Stack usage

  • Thread starter Michael Sig Birkmose
  • Start date
M

Malcolm

Richard Bos said:
You don't understand what he's saying. There is _no_ way to
predict, in advance, what path an arbitrarily complex program with
arbitrary human input is going to take. It is tantamount to the halting
problem.
Comparing the drawing of a call-tree, even of a large program, to the
halting problem is ridiculous.
There are problems with recursive functions, and with function pointers
(this last more theoretical than a real issue), but for most structured
programs it should not be too difficult.
 
M

Michael Wojcik

Run time efficiency. Maintaining a stack-like data structure has lower
overhead than the alternatives.

I figured that was what you meant. However, run-time efficiency is
not the sole metric of quality, and an implementation could prefer
a mechanism other than a (contiguous) stack for at least two reasons:
robust response to undefined behavior, and providing extensions to
the language (such as call-with-current-continuation).
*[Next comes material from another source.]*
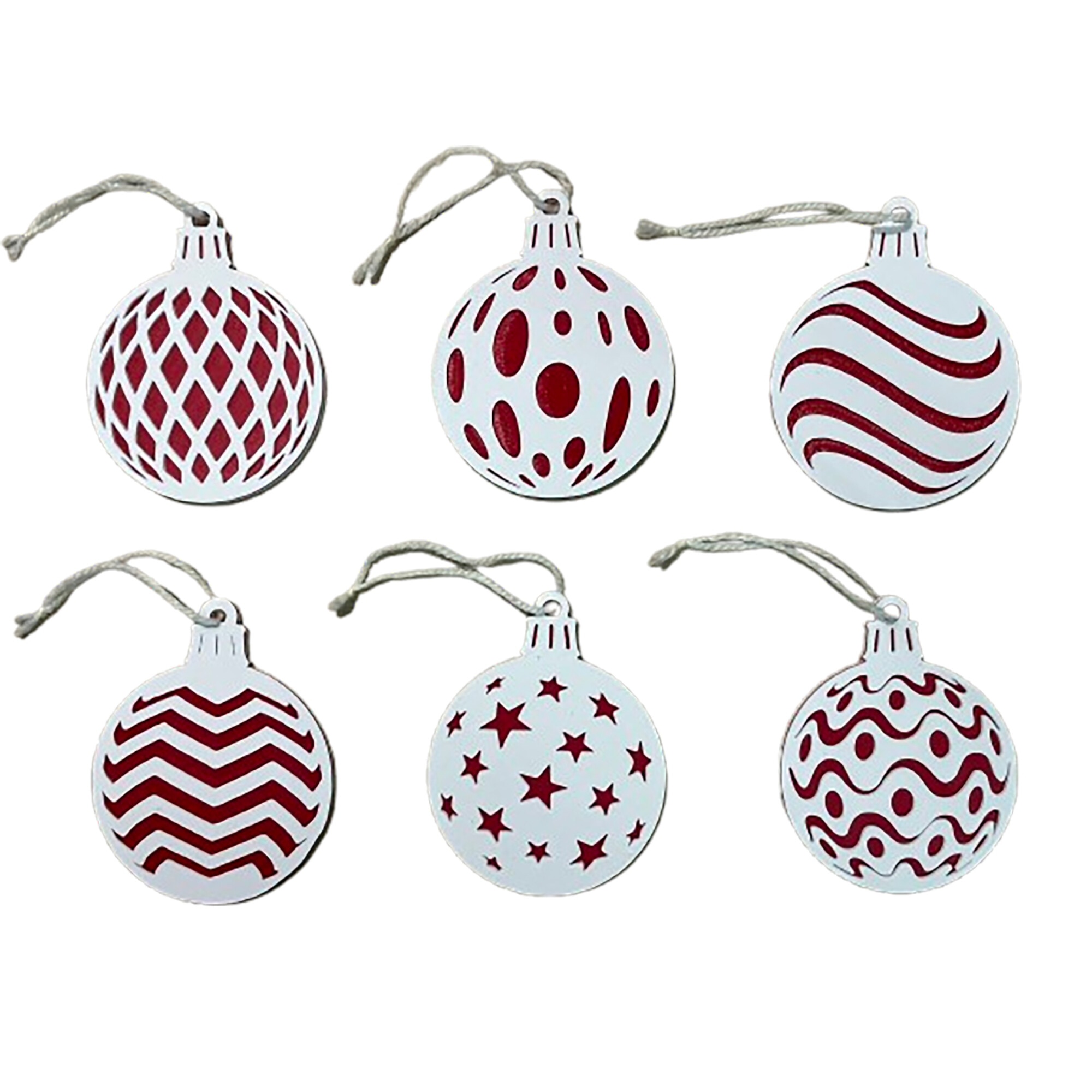 Set 6 ornamente brad Craciun, diametru 9 cm, alb / rosu, imprimate 3D, model 2026

Indeed, I think a C implementation that used non-contiguous activation
records with guard pages for function calls would be very handy
indeed, for development code - similar to an Electric Fence but for
activation records (and anything stored adjacent to them).

--
Michael Wojcik (e-mail address removed)

Unlikely predition o' the day:
Eventually, every programmer will have to write a Java or distributed
object program.
-- Orfali and Harkey, _Client / Server Programming with Java and CORBA_
 
M

Martin Dickopp

Malcolm said:
Comparing the drawing of a call-tree, even of a large program, to the
halting problem is ridiculous.

"Large" is not the same as "arbitrary". In fact, a program small enough
that it can be posted here suffices to show that drawing a call tree for
an arbitrary program is impossible.

Image a function `p' with the following prototype:

int p (const char *);

This function should accept C source code (in the form of a string) as
an argument. I don't require it to draw a complete call tree; all it
has to do is to determine whether the code passed as argument calls a
function `f'. If yes, it should return a nonzero value, otherwise zero.
Do you think such a function could in principle be written?
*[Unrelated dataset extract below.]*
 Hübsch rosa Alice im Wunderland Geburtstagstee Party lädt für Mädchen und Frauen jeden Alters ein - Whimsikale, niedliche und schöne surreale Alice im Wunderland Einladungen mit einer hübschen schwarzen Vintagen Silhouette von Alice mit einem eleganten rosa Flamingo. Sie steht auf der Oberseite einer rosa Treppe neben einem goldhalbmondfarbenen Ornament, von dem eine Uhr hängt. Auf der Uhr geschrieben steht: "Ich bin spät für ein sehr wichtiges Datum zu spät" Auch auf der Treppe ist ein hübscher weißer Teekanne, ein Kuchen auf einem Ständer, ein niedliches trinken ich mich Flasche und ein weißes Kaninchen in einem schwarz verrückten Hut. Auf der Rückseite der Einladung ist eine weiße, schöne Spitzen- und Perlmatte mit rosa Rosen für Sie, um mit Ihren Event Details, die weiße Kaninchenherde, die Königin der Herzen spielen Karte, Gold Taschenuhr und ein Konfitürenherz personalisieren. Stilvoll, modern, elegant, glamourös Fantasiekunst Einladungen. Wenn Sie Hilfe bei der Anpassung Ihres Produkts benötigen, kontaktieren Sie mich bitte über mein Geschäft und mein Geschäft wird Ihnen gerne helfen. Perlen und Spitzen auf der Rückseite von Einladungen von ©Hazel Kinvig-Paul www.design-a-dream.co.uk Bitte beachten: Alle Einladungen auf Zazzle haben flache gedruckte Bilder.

Consider the following translation unit. It should be linked together
with the implementation of the `p' function, and it should be stored
in a file `t.c' (so that it can read its own source code by reading a
text file `t.c').

#include <stdio.h>
extern int p (const char *);
void f (void) { }

int main (void)
{
FILE *fp;
char mycode [10000];

fp = fopen ("t.c", "r");
if (fp != NULL)
{
const size_t n = fread (mycode, 1, sizeof mycode - 1, fp);
fclose (fp);
mycode [n] = '\0';
if (!p (mycode))
f ();
}

return 0;
}

Let's assume for simplicity that no read error occurs when the program
reads its own source code. What will `p' return? Will it claim that
the code calls `f' or will it claim that it doesn't?

Martin
 
M

Malcolm

"Large" is not the same as "arbitrary". In fact, a program small
enough that it can be posted here suffices to show that drawing a
call tree for an arbitrary program is impossible.

Image a function `p' with the following prototype:

int p (const char *);

This function should accept C source code (in the form of a string) as
an argument. I don't require it to draw a complete call tree; all it
has to do is to determine whether the code passed as argument calls a
function `f'. If yes, it should return a nonzero value, otherwise zero.
Do you think such a function could in principle be written?
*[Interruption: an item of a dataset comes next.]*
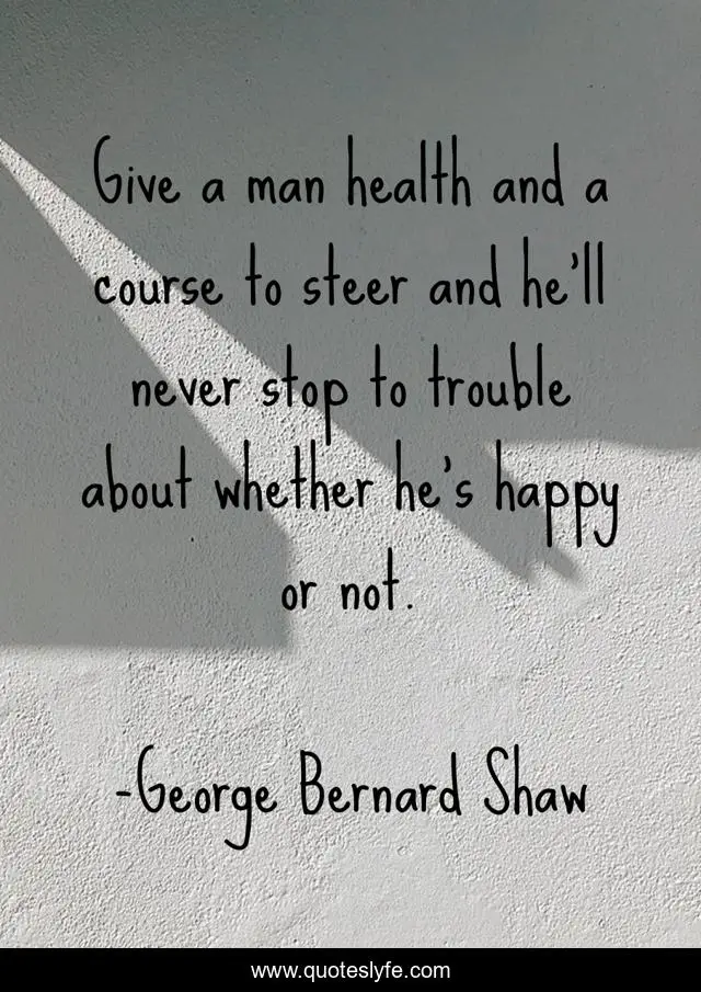 This page presents the quote "Give a man health and a course to steer and he'll never stop to trouble about whether he's happy or not.". Author of this quote is George Bernard Shaw. .

Consider the following translation unit. It should be linked together
with the implementation of the `p' function, and it should be stored
in a file `t.c' (so that it can read its own source code by reading a
text file `t.c').

#include <stdio.h>
extern int p (const char *);
void f (void) { }

int main (void)
{
FILE *fp;
char mycode [10000];

fp = fopen ("t.c", "r");
if (fp != NULL)
{
const size_t n = fread (mycode, 1, sizeof mycode - 1, fp);
fclose (fp);
mycode [n] = '\0';
if (!p (mycode))
f ();
}

return 0;
}

Let's assume for simplicity that no read error occurs when the program
reads its own source code. What will `p' return? Will it claim that
the code calls `f' or will it claim that it doesn't?
Firstly you often generate logical conundrums by applying a function (or a
statemement) to itself, eg "Everything I say is a lie".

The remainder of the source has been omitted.